The same oversight mechanism that applies to humans cannot correct the flaws of AI agents? What do you think is the catch?

I am not saying things are clearly defined in most settings. But my accounting agent ( real person) gets paid only when he files my tax returns.





I think it gets more nebulous. For example, does he only get paid if the tax returns are accepted by the government? If they aren't, he's still put in the work. This becomes an extremely slippery slope. A better example is probably retail. In the US at least, places like Walmart and Amazon allow for returns, but they usually just throw it out. That's gotta be built into the price. Meaning, the cheapy no returns accepted online stores are cheaper because the cost for the purchaser isn't tied to satisfaction.

Your accountant has to build in margin that you pay for for clients who stiff him on the bill or who he has to take to court to argue he did the service as described in the contract. If you didn't hold that threshold over his head, he would be able to charge less. Would he? Maybe not, I don't know the guy, but he could.


Understood. So, a better way is to keep him on a retainer? Or let Amazon or Cheaper store do a cost-plus model?

I think that is the core of the argument. It is the risk-sharing between buyer and seller. If sold on outcomes, seller carries all risk. If sold on work-put-in, buyer carries all risk.

Add to that, in some scenarios, outcomes themselves are fuzzy.

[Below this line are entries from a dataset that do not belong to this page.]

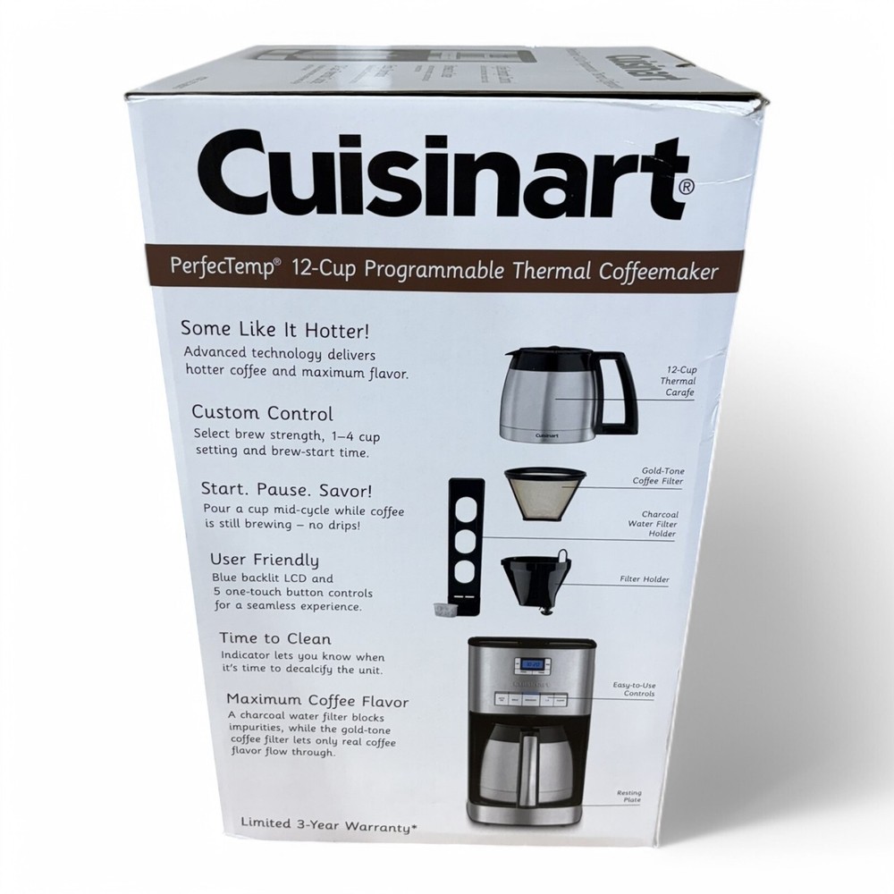 Description With hotter coffee and brew strength options, the Cuisinart 12 Cup Programmable Thermal Coffeemaker is a virtuoso among gourmet coffee makers. Equipped with cutting edge coffee technology to give you hotter coffee without sacrificing taste. Choose a flavor profile with regular or bold strength control, and set brew-time up to 24-hours ahead. Our backlit LCD is easy-to-read, a ready tone can be turned on or off, and an indicator light signals when it’s time to decalcify. Highlights 12 Cup double walled carafe Brew Strength Control, charcoal, and a gold-tone fine filter 60 Second Reset helps recall prior settings and brewing process in case of an electric power outage Automatic -programmable for up to 24-hour cycle Self clean and descale for easy care BPA free 30 inch cord, 1050 watts
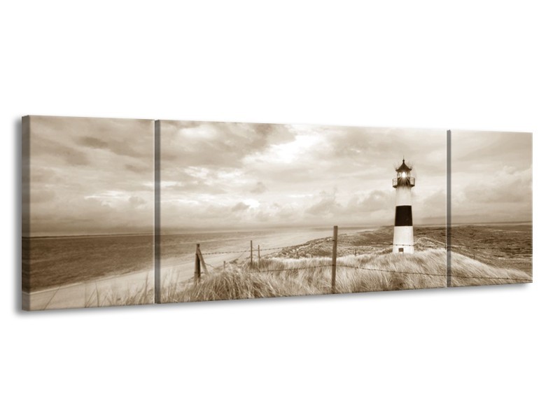 Canvas Schilderij Vuurtoren | Sepia | 170x50cm 3Luik
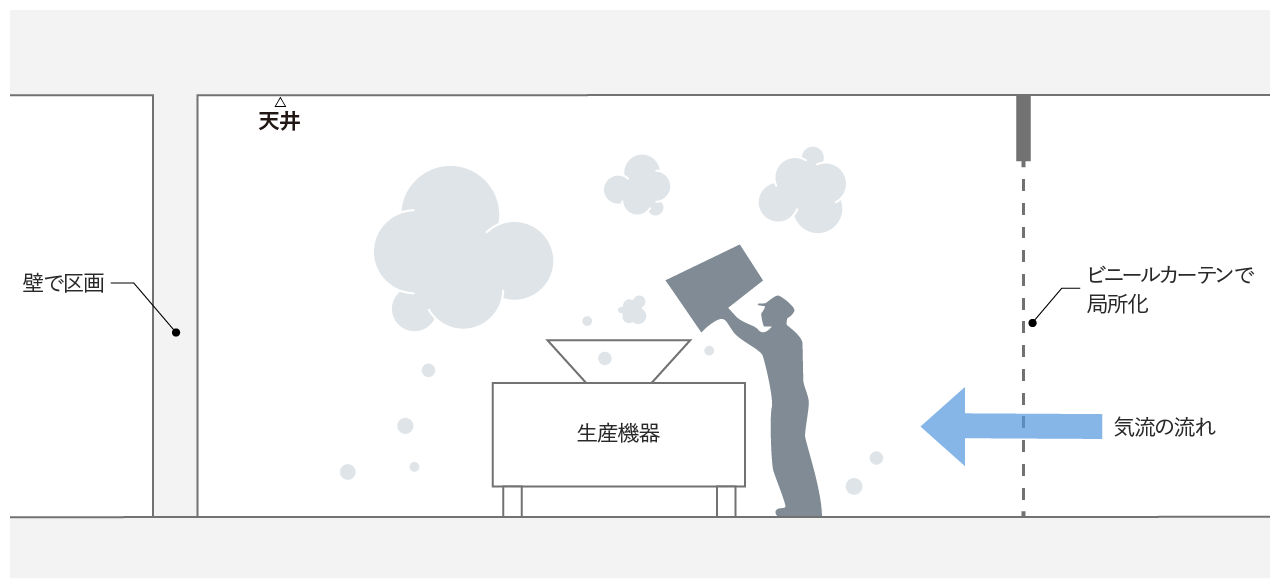粉体原料を拡散させない対策として、粉体取扱いエリアを平面的に区画し、気流が粉体取扱いエリア外からエリア内に流れるような空調を計画します。 粉体の堆積を抑える方法として、梁形や建具などの水平部分を少なくする納まりを採用します。
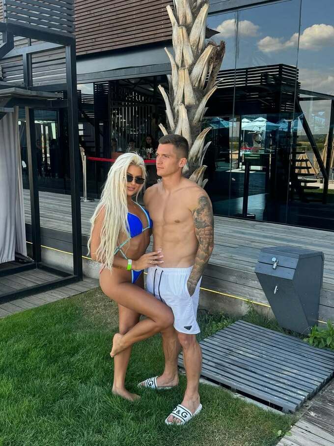 На фото футболист позирует с обнажённым торсом, демонстрируя отличную физическую форму, а его девушка Карина Проценко — в эффектном купальнике, подчёркивая свою фигуру.
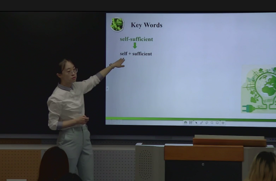 崔煜婕老师讲授的单元主题为Living Green,课文的题目为Living Off the Grid: How a Family of City-Dwellers Discovered the Simple Life。崔老师从教学对象、教学时长、教学模式、教学目标、教学过程等几个方面阐述了自己的教学设计,要素齐全。在讲课环节,教师选用的POA教学模式和方法较好地呼应了其教学目标。整个教学过程贯穿了过去、现在和未来,展示了教师宽阔的视野、发展的眼光,也引导学生将课文所讲述的绿色生活主题放在历史长河中去理解,形成宏观、开放和向前的格局。
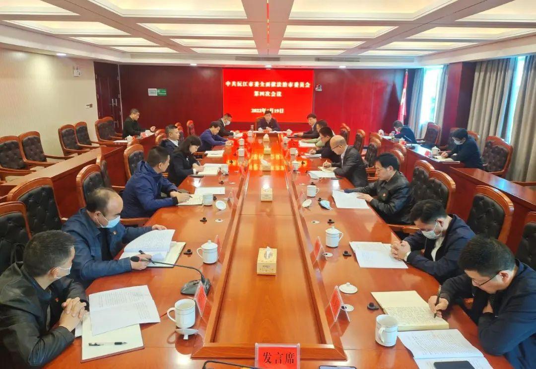 4月19日,中共沅江市委全面依法治市委员会第四次会议召开。市委书记、市委依法治市委员会主任杨智勇主持,市委副书记、市长罗必胜,市委副书记、统战部部长候耀森及彭达明、高应良、龙旺宇、刘慧峰、周军、樊春霞、赵军洪、郭强、李春华等市领导出席会议。
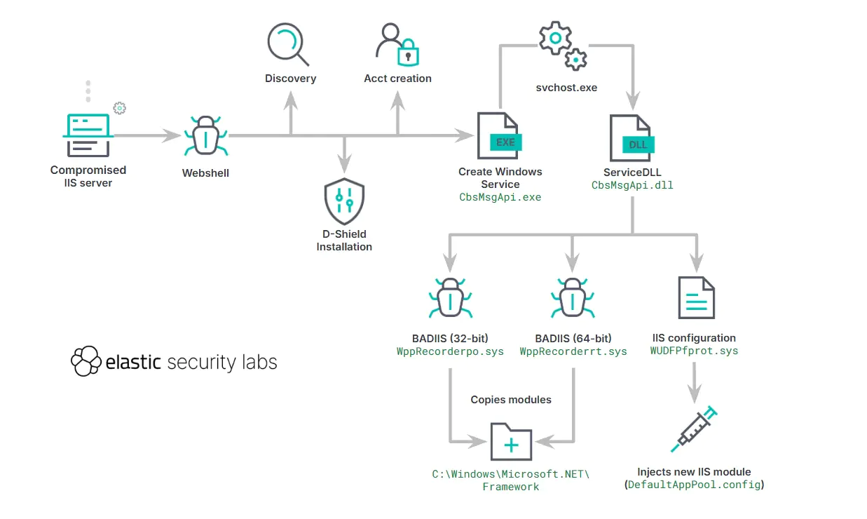 Технический анализ инцидента, наблюдаемого в ноябре, показал высокую скорость работы злоумышленников. От момента первоначального доступа до полного развертывания вредоносного модуля IIS прошло менее 17 минут. После получения доступа через веб-шелл злоумышленники быстро провели разведку, создали новую учетную запись администратора и развернули сервис Windows с названием WalletServiceInfo. Этот сервис загружал вредоносную DLL-библиотеку, которая, в свою очередь, отвечала за установку модулей BADIIS.
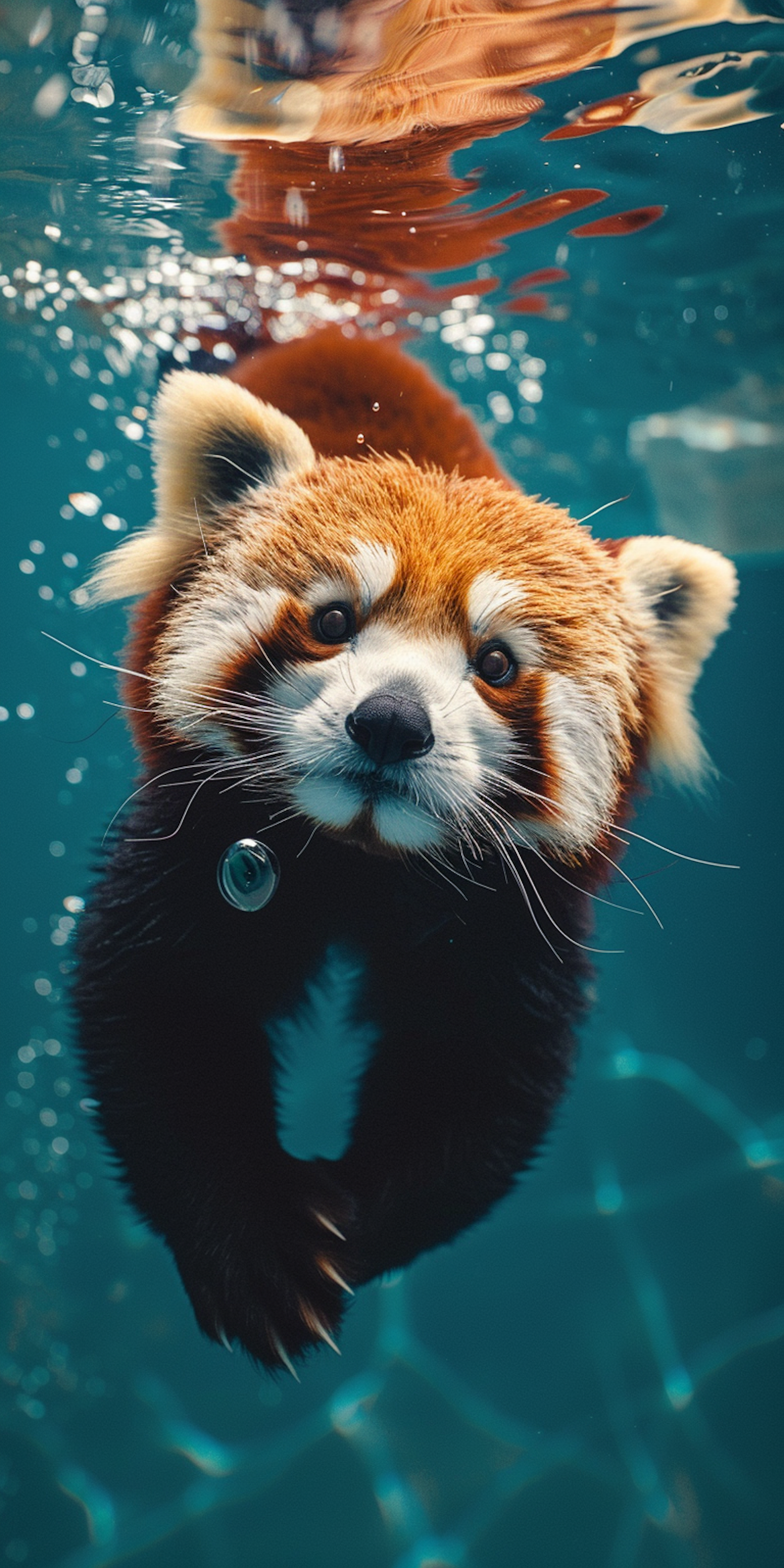 A red panda swimming underwater, showcasing its vibrant fur and playful expression in clear blue water.

Cost plus I'm not sure on. Maybe if your work was in small enough chunks. But if, did example, just generating one response is too expensive, there's no plus, it's just somebody paid $ for some bits in GPU memory and that's likely not useful to anyone.

Yes exactly. Your second paragraph hits the nail on the head. And I'm sure you agree that the AI companies aren't going to take on more risk for free.

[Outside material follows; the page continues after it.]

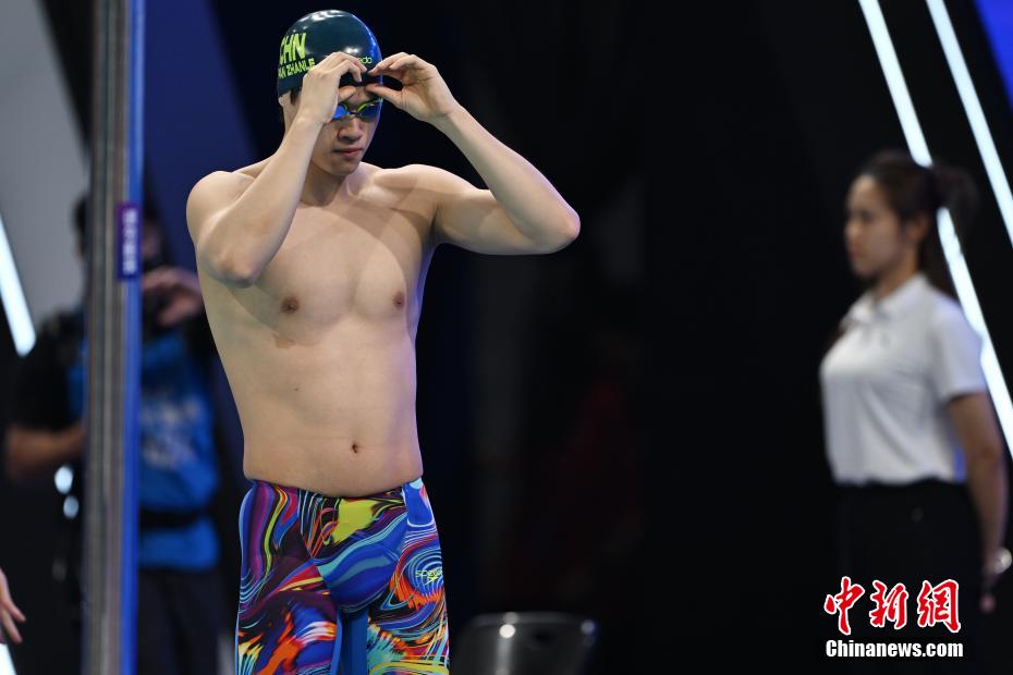 5月17日晚,2025年全国游泳冠军赛男子400米自由泳决赛在广东深圳大运中心游泳馆举行,浙江寿仙谷队选手潘展乐以3分45秒34的成绩夺得金牌。图为潘展乐在比赛前调整泳帽。中新社记者 陈楚红 摄
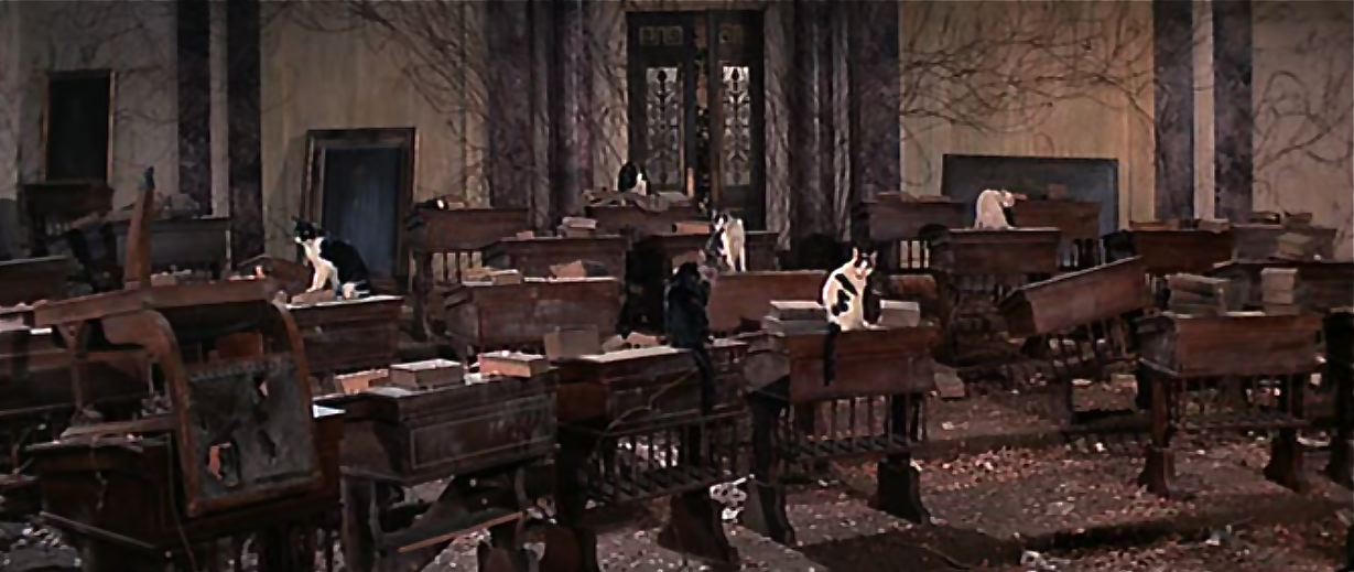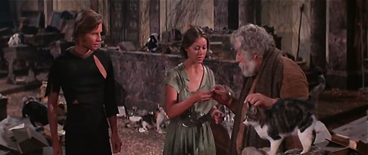 Peter Ustinov, for it is he, goes on to quote extensively from TS Eliot‘s Old Possum’s Book of Practical Cats (let us hope MGM squared the rights with Faber & Faber in advance), offers to trade a calico cat for the jewel embedded in Logan’s palm, and lets Jessica touch the cracks in his face. But these bits of business will only be at the periphery of the average cat lover’s attention, which by now will be fully engaged in trying to check out all the cats that are milling around and mewing the ruins of the Capitol in Washington DC.

Right, it doesn't work the same for humans as it does AI agents.

If you finetune a model and it starts misbehaving, what are you going to do to it exactly? PIP it? Fire it? Of course not. AIs cannot be managed the same ways as humans (and I would argue that's for the best). Best you can do is try using a different model, but you have no guarantee that whatever issue your model has is actually solved in the new one.


Humans respect the rules because if they don't, then they lose their jobs, can't pay their mortgages, and become homeless. That's quite a powerful incentive not to fudge the numbers too much.

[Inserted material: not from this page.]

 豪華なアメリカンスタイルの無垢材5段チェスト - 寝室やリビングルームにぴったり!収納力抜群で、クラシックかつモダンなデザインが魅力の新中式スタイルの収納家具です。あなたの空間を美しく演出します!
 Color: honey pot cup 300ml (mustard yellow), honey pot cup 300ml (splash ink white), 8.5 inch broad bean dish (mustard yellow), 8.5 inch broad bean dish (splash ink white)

There's no LLM equivalent.


The agent builder loses contract .. Is this not force enough to make AI worthwhile?

Why would the AI care? The agent builder is still asking a non-deterministic black box with no skin in the game to behave a certain way, they have no guarantees.

If the AI is never going to be manageable, never trustable, then the whole idea of agentic systems is dumb.

What is the point of an agent running and you don't trust it?

That would be equivalent to calling this whole AI wave useless. May be it is, maybe it is not.


That's ... how they fundamentally work?